If dynamic sampling is enabled, users retrieve their own table samples and column profiles after authentication. Sampling by the Data Source Admin becomes unavailable.

By default, dynamic sampling is disabled.

Profiling V2

Profiling V2 adds the configuration options for deep column profiling.

The Profiling V2 feature adds capabilities to data sampling but is disabled by default.

Enabling Profiling V2 adds the configuration options for deep column profiling:

  • Custom queries for individual columns — You can specify custom profiling queries for individual columns on the Per-Object Parameters tab.

  • Customizing default profiling queries — Customize default profiling queries for all columns on the Custom Settings tab.

  • Frequency Distribution chart — View column value ranges on a histogram chart. If you enable the Frequency Distribution chart, users can access it on catalog pages of column

Configure Sampling and Profiling

Following are the steps involved in configuring sampling and profiling:

Enable Profiling V2

To enable Profiling V2, set the dedicated alation_conf parameters to True.

For information on how to use alation_conf, refer to Using alation_conf.

Note

Alation Cloud Service customers can request server configuration changes through Alation Support.

Use the parameter alation.feature_flags.enable_profiling_v2. It enables deep column profiling and custom profiling queries at the column level.

  • Default: False

  • Restart: After changing the value, restart Alation Supervisor using the command alation_supervisor restart all.

Enable Frequency Distribution Chart

You can additionally enable the Frequency Distribution chart:

  • alation.profiling.v2.distribution.show_distribution_chart—Display of the Frequency Distribution chart on catalog pages of column objects.

    • Default: False

  • alation.profiling.v2.distribution.max_unbatched_values—Set the minimum number of unique values in a column for Alation to group value ranges in the Frequency Distribution chart.

    • Default: 200

  • alation.profiling.v2.distribution.batch_count—Determine the number of ranges to display on the Frequency Distribution chart.

    • Default: 50

Verify the Enabled Profiling V2

To find out the current status of Profiling V2 on your Alation instance, check the current values of the parameters listed in Enable Profiling V2. They should be in True.

Select Schemas to Include in Catalog

You can define sampling settings for each level of the metadata object hierarchy in a data source (Schema > Table > Column).

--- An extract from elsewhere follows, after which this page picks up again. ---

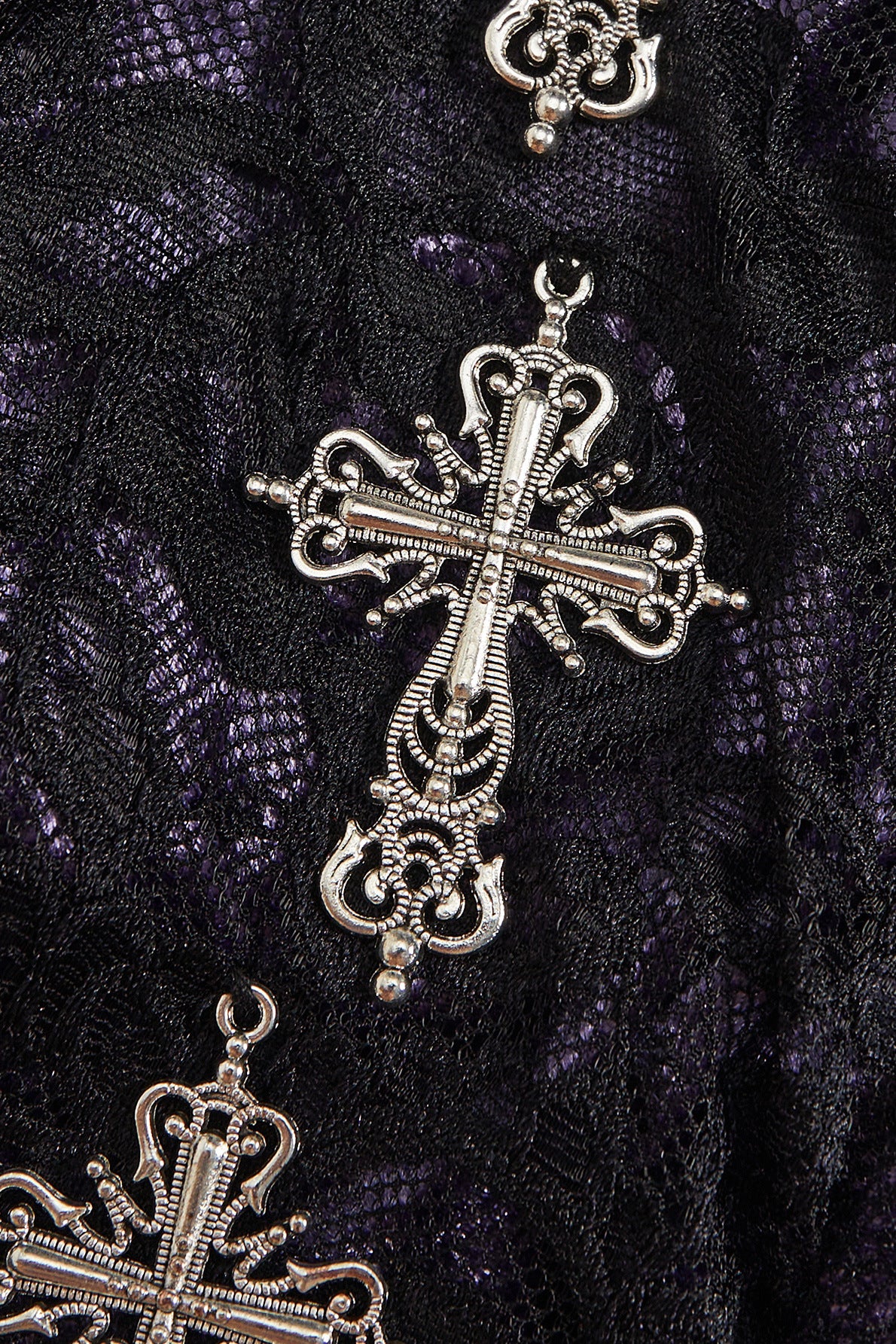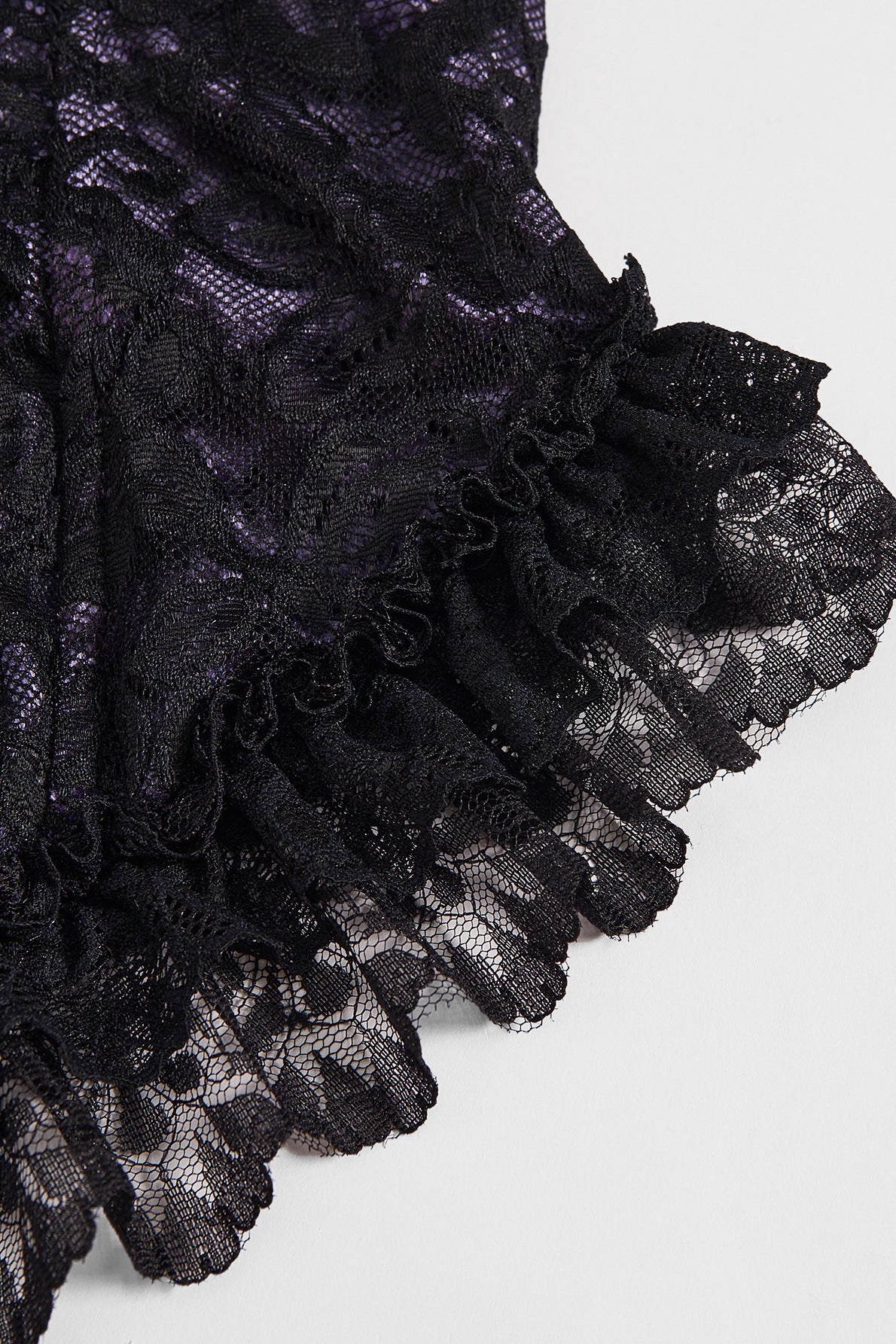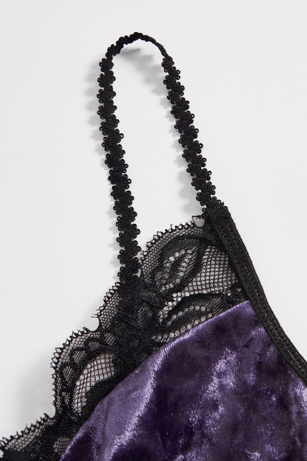 V-neck Black and Purple Cross Lace Splice Velvet Top

Include or exclude specific metadata objects from sampling or profiling. Provide custom sampling or profiling queries for individual tables and columns.

To select schemas, perform the following steps:

  1. On the Settings page of your OCF data source, go to the Per-Object Parameters tab.

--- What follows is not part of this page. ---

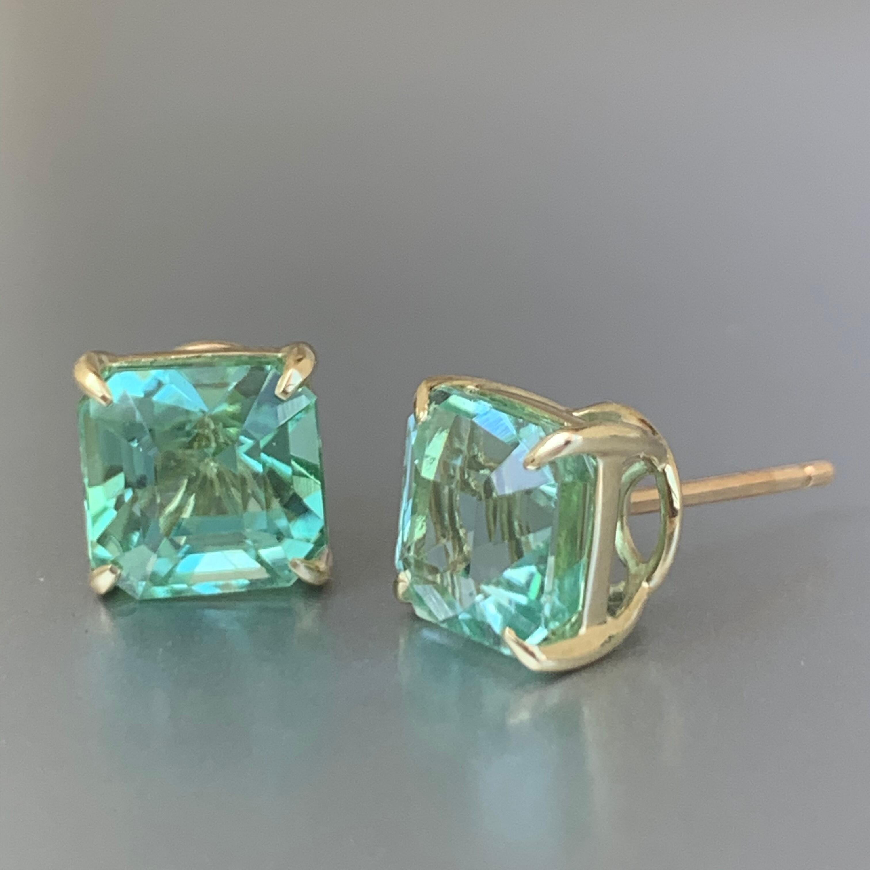 大粒のミントグリーンとアクアミントの二つの色の非加熱トルマリンのピアスです。透明感の高いこちらのトルマリンの原石を分けて貰い、1番美しく見えるアッシャーカットを施した石を2石。左右ミントグリーンとアクアミントの二色の色違いのピアスです。正直左右にしてしまうと遠くからはその違いがあまり分からないかもしれませんがお手元で見ていただくとこの違いがよくわかると思います。お客様からお電話でお勧めの色を!と聞かれるのですが正直こちらの産地のトルマリンはどの色も魅力的で私もお勧めに困ります。先日サロンにご来店いただいたお客様にアップルグリーンの石をお選びいただきピアスをオーダーいただきましたが、やはりアクアミントも忘れられないのでと言うことで左右違いのピアスも1ピース作ることになりました、完成品があまりにも素敵なので最初から左右違うお勧めの色でピアスを作りました。

    The page displays the different schemas and tables for the data source.

    ../../_images/SamplingForOCF_PerObjectParam.png
  2. The names of schemas and tables are links. Click the name of a schema or table to go down to the child object level.

    You can include or exclude schemas, tables, or columns from sampling:

    Parameter

    Description

    Make Browsable

    Define visibility of an object and its child objects in the catalog search. Select to expose, clear to hide. The changes may take a few minutes to update in the search index.

    Sample?

    Choose objects for admin-initiated bulk-sampling on the Data Sampling tab. All objects are selected by default. Clear checkboxes to exclude. Applies at the schema and table levels.

    Max rows to Scan

    A read-only parameter, displaying the maximum sampled rows (10,000) for each table. Available at the schema and table levels.

    Max rows to Store

    Set the maximum rows to be stored for a table, at the schema and table level. If defined at the schema level, it applies to all tables in the schema. If defined at the table level, it’s specific to that table.

    • Click the number for a specific object to edit it.

    • Default: 100

    Note

    When defined at the schema level, the Max rows to Store value propagates to newly added tables. To disable propagation, set the alation_conf parameter alation.ocf.mde.rdbms.fix_num_sample_rows to False.

    For information on how to use alation_conf, refer to Using alation_conf. No restart is required. Refresh the Alation page to view the changes.

    If you are an Alation Cloud Service customer, you can request server configuration changes through Alation Support.

    Skip Views

    Allows skipping views during sampling. Selected by default. Applies at the schema level.

    Sampling Query (for table objects) or Profiling Query (for column objects)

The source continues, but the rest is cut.